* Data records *
>>>>>

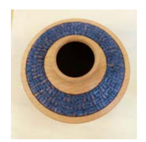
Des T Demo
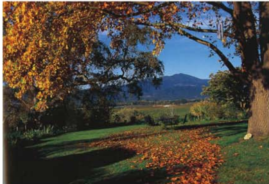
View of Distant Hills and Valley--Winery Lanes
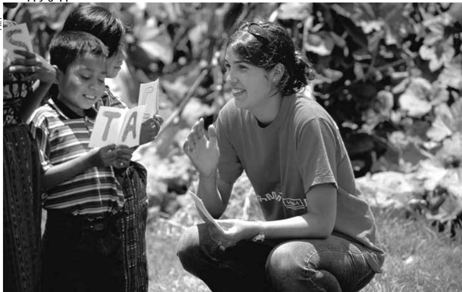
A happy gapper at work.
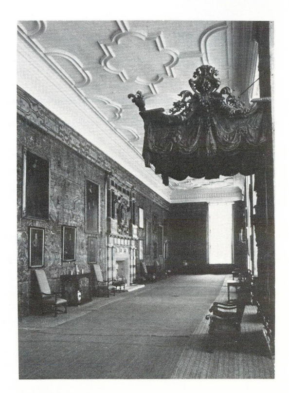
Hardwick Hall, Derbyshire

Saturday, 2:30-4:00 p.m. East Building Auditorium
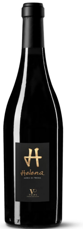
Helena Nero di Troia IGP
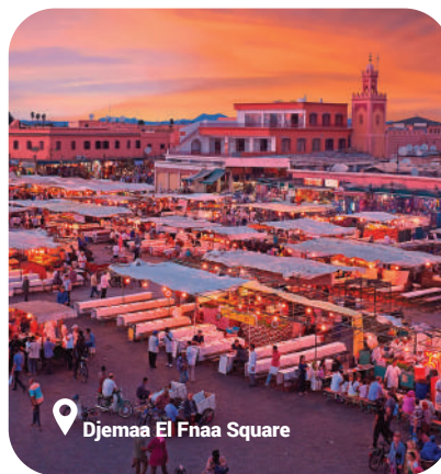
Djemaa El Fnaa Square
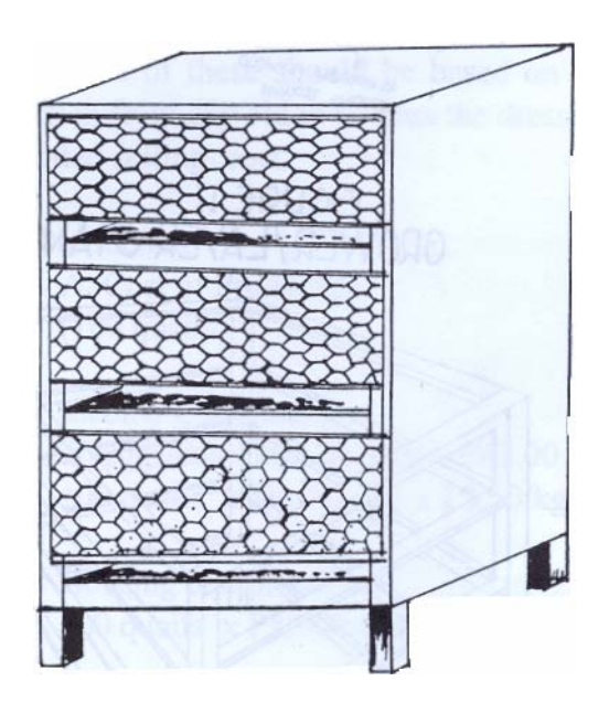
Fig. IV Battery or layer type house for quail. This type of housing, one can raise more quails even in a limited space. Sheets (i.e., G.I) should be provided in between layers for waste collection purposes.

<<<<<

* What needs to be done *
Beginning with the line containing "Hardwick Hall, Derbyshire" and ending with the last line of the data, output those lines exactly and nothing more. Omit every picture.

* Result *
Hardwick Hall, Derbyshire

Saturday, 2:30-4:00 p.m. East Building Auditorium
Helena Nero di Troia IGP
Djemaa El Fnaa Square
Fig. IV Battery or layer type house for quail. This type of housing, one can raise more quails even in a limited space. Sheets (i.e., G.I) should be provided in between layers for waste collection purposes.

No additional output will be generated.